Muslim polarisation that was engineered by the Congress and Muslim League with the help of "fundamentalist elements" like Jamaat-e-Islami and SDPI was one of the reasons CPM state secretary M V Govindan cited for the massive drubbing his party suffered in the Lok Sabha polls in Kerala.

"The UDF might have gained in the short term but this will have far-reaching consequences for secular-minded Kerala," Govindan said after the State Committee meeting on June 20. "Many people with a secular outlook, both in the majority and minority communities, do not politically approve of this (the UDF's pact with Muslim communal forces)," he said.

Almost at the same time that day, and just a few feet away from the CPM headquarters where Govindan was warning Kerala about the dangers of thinking on communal lines, Muslim League’s Perinthalmanna MLA Najeeb Kanthapuram was busy dismantling the CPM claims of being secularism's only functional suicide squad. Kanthapuram was participating in a budget discussion in the Assembly.

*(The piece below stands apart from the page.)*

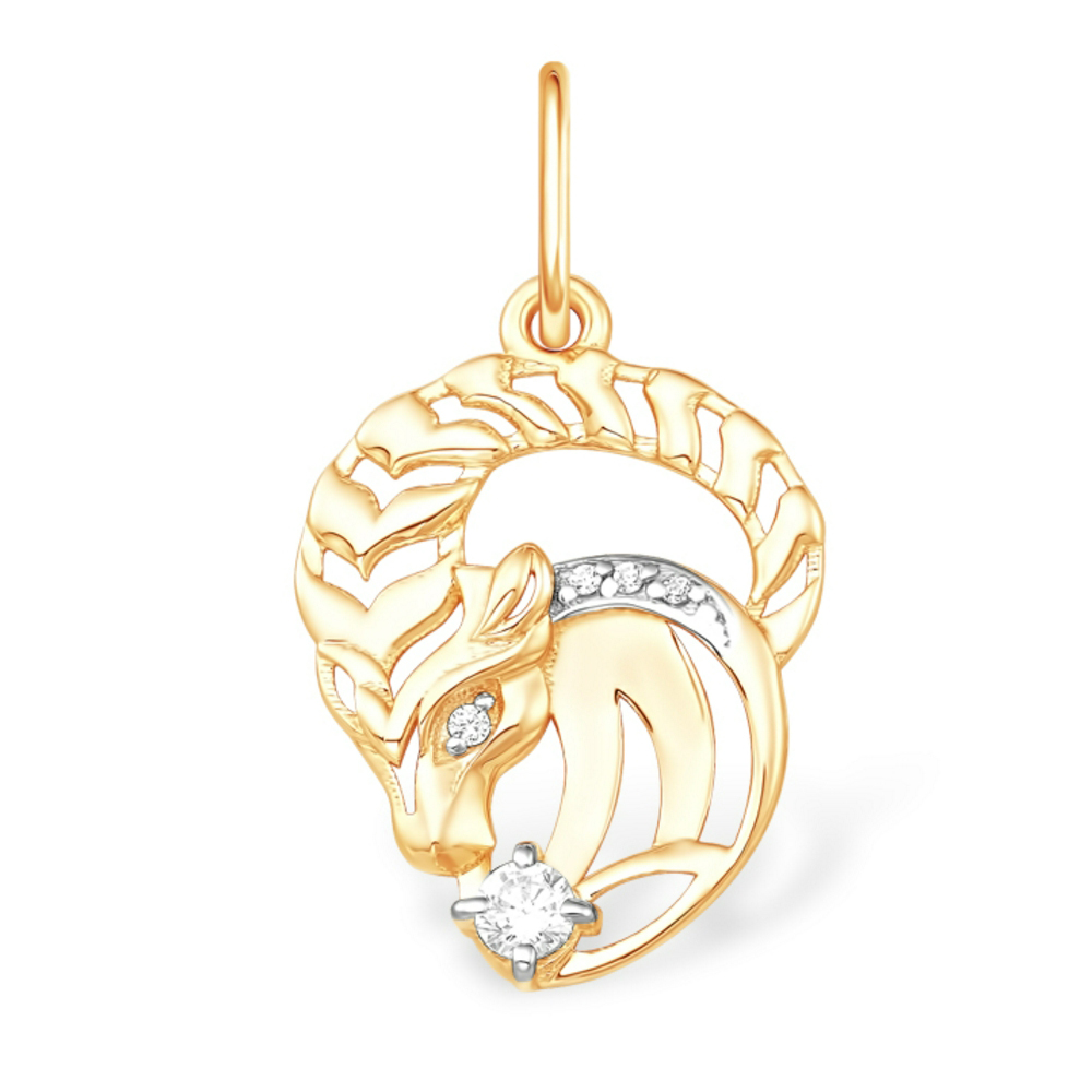 Золотая подвеска с фианитом, артикул 179620 по цене 12691 руб. в наличии в салонах Город Золотой. Изделие имеет внешний вид "Козерог", красный цвет, весом 0,75 грамм.
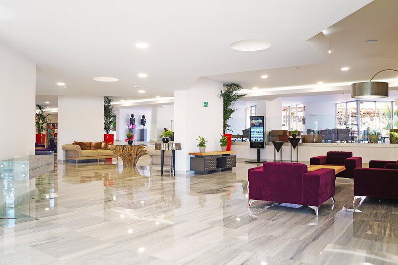 Ausstattung: 3 Pools, Kinderpool. Liegen, Schirme am Pool und am Strand (geg. Geb.), Handtücher am Pool (geg. Geb.), Pool-/Snackbar. Empfangshalle, Rezeption, Lobby-Bar, TV-Lounge. 2 Restaurants mit internationalen Speisen, 2 Bars, Shop, Friseur, Parkplatz (geg. Geb.). 354 Zimmer, 8 Etagen, 5 Lifte.

He called the attention of the House to two advertisements that appeared in two newspapers on April 25, a day before the polls. It was the day of silent campaign. The catchword was the same for both the advertisements, but the content was different.

"As part of the silent campaign, I visited a house. The house subscribes to Suprabhatham daily (the mouthpiece of Samastha Kerala Jem-iyyathul Ulama)," he said. Holding up the photostat copy of the first full-page ad, Kanthapuram said: "In this there is the picture of a beautiful Muslim girl in a maftah. And beneath is the caption: 'For India to exist the Left has to be alive' (Idathundenkile Indiayulloo)," he said.

Then he took the photostat of the second one. "From the house I went to a convent in Perinthalmanna town. It was Deepika daily that I found in the dining hall of the convent. But in this, the maftha-clad girl was gone. The catchword was the same but the ad spoke of communal violence in Manipur. It shows images of destroyed Christian churches," Kanthapuram said.

He held the two ads in both his hands and asked the CPM members: "Were these done by you or by PR agencies? If this was done by a PR agency I would not fault you because it would have been an agency that had worked for BJP in North India.”

Now, he wanted to know what the CPM intended by giving out contrasting ads. "What have you thought of Muslims in Kerala? Do you think that we would be happy to see churches in Manipur destroyed? And do you think Christians in Kerala would feel delighted when Muslim women are abused during riots in North India," Kanthapuram said, and added: "If you still say that you uphold secularism there would be no greater comedy than that. No other party in Kerala could so shamelessly exploit the worst form of communalism during elections."

The League MLA then turned a CPM leader's own words against the party. "I am borrowing straight from K K Lathika's Facebook post. How shockingly communal is this. Shouldn't our state exist even after this," he asked CPM members. (These were the words Lathika had posted during the campaign while sharing a screenshot of an FB page supposedly of Muslim Students' Federation leader Muhammad Khasim and in which K K Shailaja was called a 'kafir'. Later when the police said it was yet to find evidence that the original post was made by Khasim, Lathika was forced not just to delete the post but she also locked her profile.)

"It is because of such fraud that you committed during the campaign that people have now given the LDF a new catchword: 'No one will care a damn if there is no Left'," he said.

No LDF MLA who spoke after him attempted to counter Kanthapuram. Even Industries Minister P Rajeeve, who hates to leave a taunt unattended, could only say in a lighter vein that Kanthapuram went completely off the rails.